2. Further Requirement for Payments After 130 Weeks.

In order to continue to receive weekly payments after 130 weeks, workers must now meet both:

a. The existing capacity test, requiring them to be assessed as having no current work capacity, and that this is likely to continue indefinitely; and

b. The new WPI threshold, requiring them to be assessed with a WPI of at least 21%.

Workers in receipt of weekly payments approaching 130 weeks will have their entitlement reviewed prior to that point by the relevant insurer. Previously this only required an assessment of their work capacity, and a resulting finding that they have no current work capacity, and that this is likely to continue indefinitely. However it now also requires an assessment of the WPI resulting from their work injuries (conducted by an Independent Impairment Assessor), and a finding of at least a 21% WPI.

Potential impacts of the changes on the scheme

On their face, the scheme modernisation changes aim to limit access to compensation for new mental injury claims, and to restrict the ability of existing compensation recipients to remain within the scheme indefinitely. In doing so, it is no doubt hoped this will reduce the number of long-term claimants within the WorkCover system, and that such claimants will instead be encouraged to return to work.

With the changes only in their infancy, it remains to be seen whether they ultimately reach their desired aims, particularly with regard to aiding the scheme’s long-term financial viability.

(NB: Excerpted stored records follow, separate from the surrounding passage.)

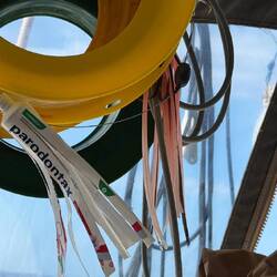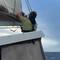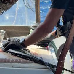 Mit einer Grimpzange (Zange die sich arretiert) am Reißverschluss ansetzen und alles aus dem Block ziehen funktionierte auch nicht. Vielleicht würde ein anderer Zugwinkel, direkt am Baum, etwas bewirken? Nächster Versuch. Nichts. Keine Regung. Dann half der Baum selber mit: durch eine Welle ruckte er kräftig ein, ba-a-mmm, mit einem tüchtigen Knall löste sich der Reißverschluss aus seinem Gefängnis, und ein Seitenteil des Blockes verabschiedete sich gleich mit. Not-Reparatur also doch noch geglückt.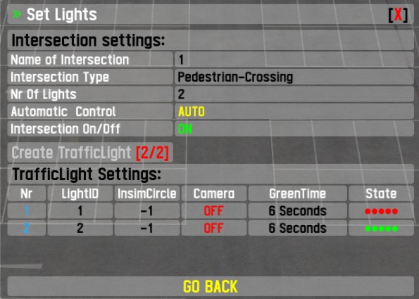 - Enable/Disable intersections: light will blink yellow.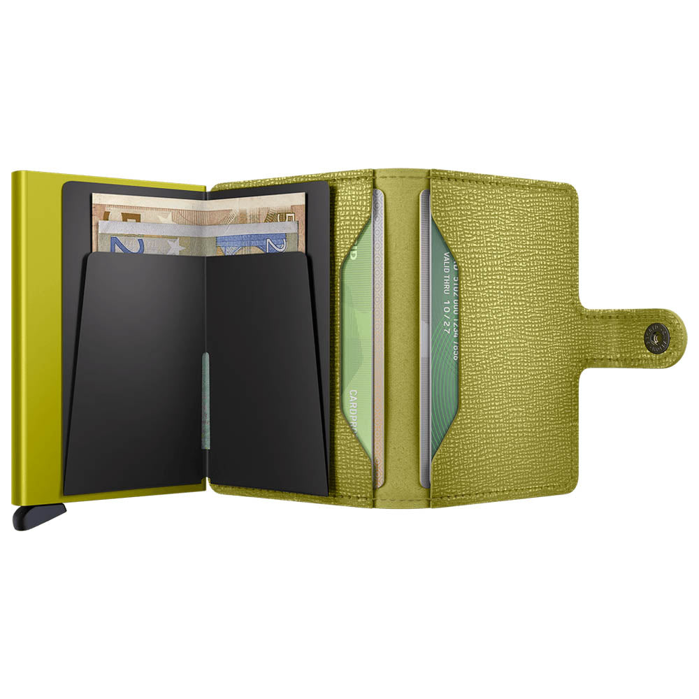Miniwallet Crisple Lime is corrected-grain leather, made in Holland from European cowhide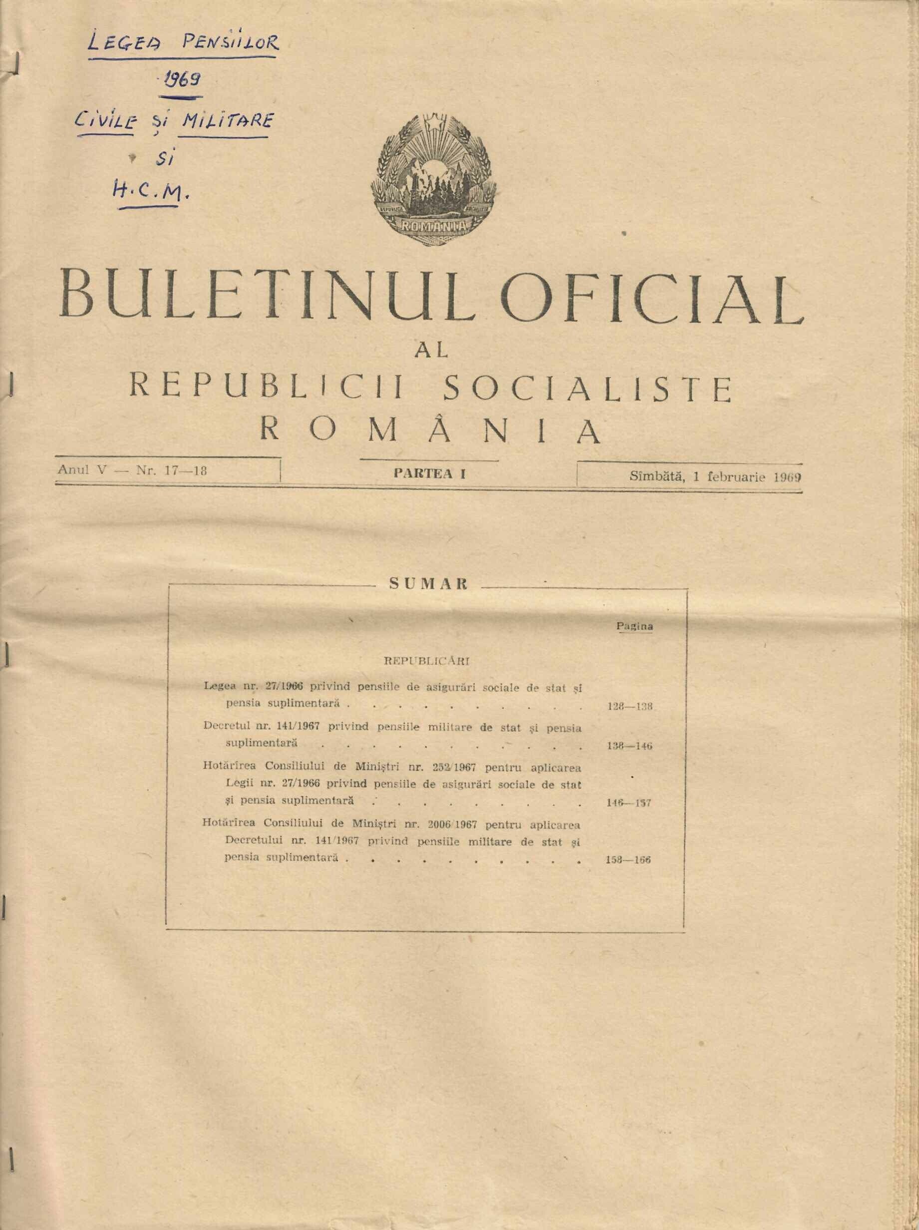 Buletinul Oficial al Republicii Socialiste România, partea I, 1 februarie 1969.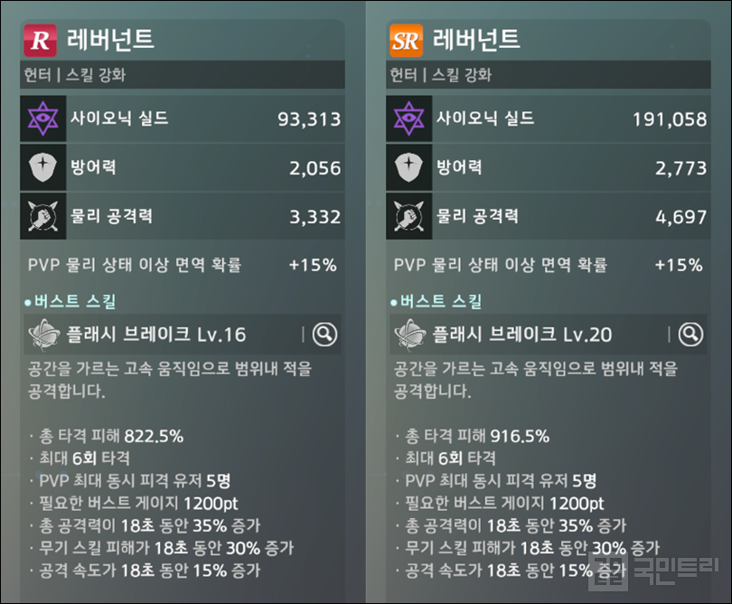 이 같은 순위 변화의 중심에는 슈트 승급이 있습니다. 일부 랭커 사이에서 태생 R등급 슈트를 SR로 승급하는 모습을 포착했죠. 1위 부에노 님은 ‘레버넌트’의 승급과 동시에 100레벨 육성을 끝내 전투력 상승에 가장 큰 지분을 차지한 것으로 추정됩니다. 해당 슈트의 R등급 80레벨을 기준으로 SR등급 100레벨의 능력치를 비교하면 물리 공격력 약 1.4배, 실드는 무려 2배가 넘는 차이를 보이죠. 기본 능력치 외에도 버스트와 슈트 스킬의 레벨 상한이 4레벨 확장돼 더욱 강력한 대미지를 가할 수 있는 것도 메리트입니다.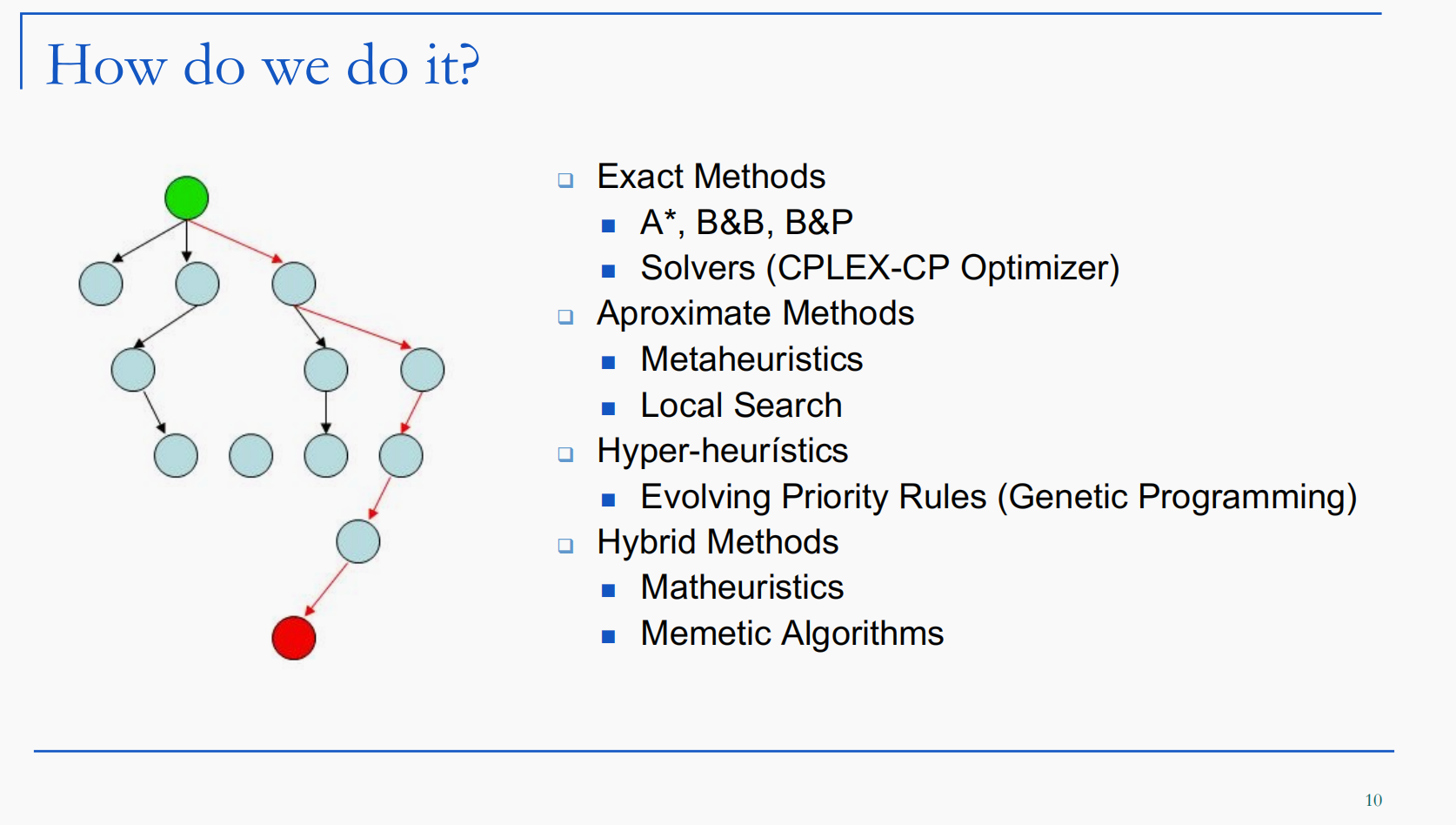 报告详细描述了团队在解决调度问题和组合优化问题上的研究工作。调度问题的研究涵盖了绿色调度、单机容量可变调度、云计算调度、量子计算调度及其不可行性分析等,组合优化问题则涉及车辆路径规划、装箱问题和人员排班等。在调度问题的研究中,报告介绍了多种方法,包括精确方法(如A*算法、分支定界法)、近似方法(如元启发式算法、本地搜索)、超启发式方法(如遗传编程)和混合方法(如数学启发式算法)。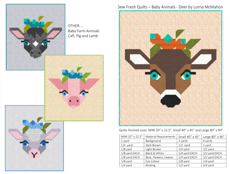 Animal Baby Deer quilt finished sizes are: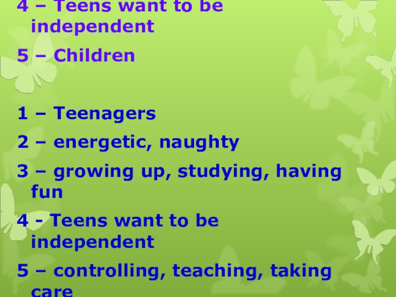 1 – Teenagers2 – active, aggressive 3 – growing up, dancing, walking4 – Teens want to be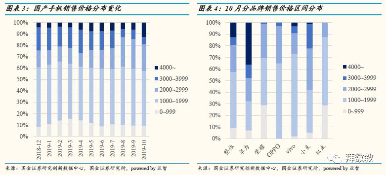现代人的生活早已离不开手机,手机的角色也不再局限于通讯工具,而是渗透到了生活中的方方面面。因此,手机厂商依靠“价廉”难以获得更多的用户,“物美”则更为重要。从国产手机价格分布来看,10月,多款旗舰机发布,提升高端机占比,4000元以上占比超10%。具体分品牌来看,华为高端机型占比超过了30%;OPPO、vivo主打1000~1999价位段机型,并尝试向更高价位段渗透;红米、荣耀主打中低端。
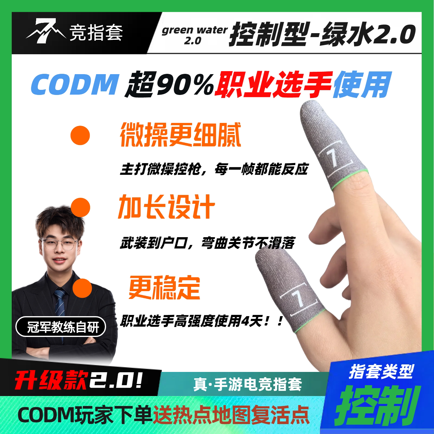 7竞绿水2.0使命召唤职业同款电竞指毫米微操银纤维指套

There are however some understandable concerns as to how the changes may play out. For instance, cutting off payments for claimants at 130 weeks, without making prior provision for robust return-to-work assistance, may direct those claimants to make other types of claims, including Serious Injury Applications. This could simply move the relevant financial exposure to another area of the scheme. From a practical standpoint there is also a danger that 130 week assessments become difficult to arrange due to the new need for qualified Independent Impairment Assessors to take part, thereby creating bottle-necks in the process, and potentially leading to greater expense and more time for claimants within the system.

Where to from here

It remains to be seen whether the changes will cure the scheme’s ills. However this uncertainty only reinforces the notion that employers and insurers will be best placed to mitigate their financial and claims exposure by investing in two key areas:

  1. safety and prevention in the workplace, to ensure that workers avoid the need to make claims in the first place; and
  2. robust return-to-work and rehabilitation processes, to minimize the amount of time that workers remain within the compensation scheme before resuming work.